*Assignment*:
When you reach the line containing "Dokumen ini membincangkan" in the records below, start copying exactly, and stop once you have copied the line containing "从个股来看,5股尾盘主力资金".

*Listed records*:
++++++++
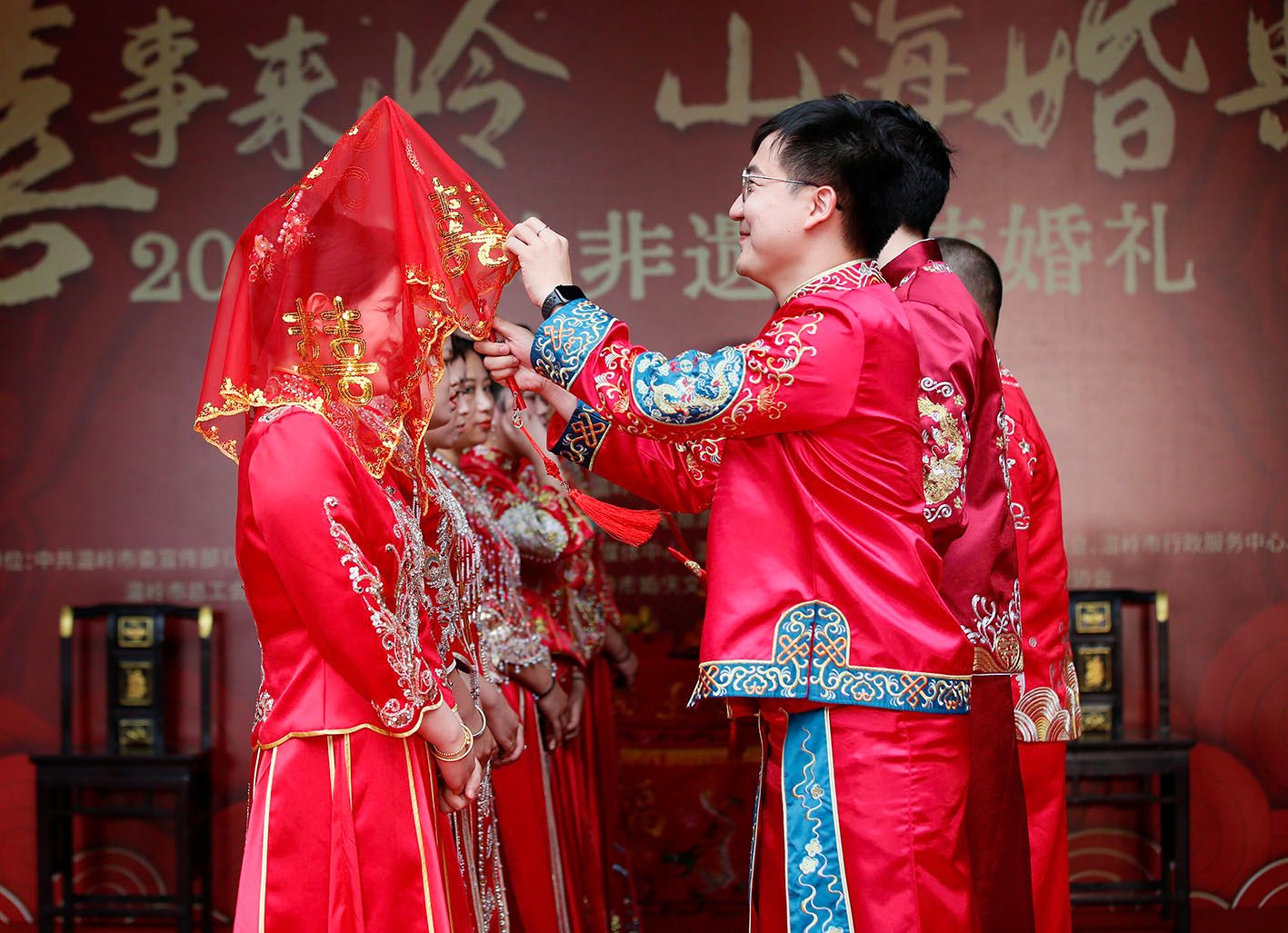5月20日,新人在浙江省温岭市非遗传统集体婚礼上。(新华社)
++++++++
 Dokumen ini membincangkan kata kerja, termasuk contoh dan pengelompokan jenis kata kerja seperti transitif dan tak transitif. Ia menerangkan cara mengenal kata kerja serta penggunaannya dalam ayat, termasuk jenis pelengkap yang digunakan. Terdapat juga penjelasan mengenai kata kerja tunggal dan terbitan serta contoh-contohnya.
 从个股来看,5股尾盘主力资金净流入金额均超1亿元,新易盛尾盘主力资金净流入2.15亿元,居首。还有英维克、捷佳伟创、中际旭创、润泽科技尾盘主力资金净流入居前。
++++++++
*Problem solution*:
 Dokumen ini membincangkan kata kerja, termasuk contoh dan pengelompokan jenis kata kerja seperti transitif dan tak transitif. Ia menerangkan cara mengenal kata kerja serta penggunaannya dalam ayat, termasuk jenis pelengkap yang digunakan. Terdapat juga penjelasan mengenai kata kerja tunggal dan terbitan serta contoh-contohnya.
 从个股来看,5股尾盘主力资金净流入金额均超1亿元,新易盛尾盘主力资金净流入2.15亿元,居首。还有英维克、捷佳伟创、中际旭创、润泽科技尾盘主力资金净流入居前。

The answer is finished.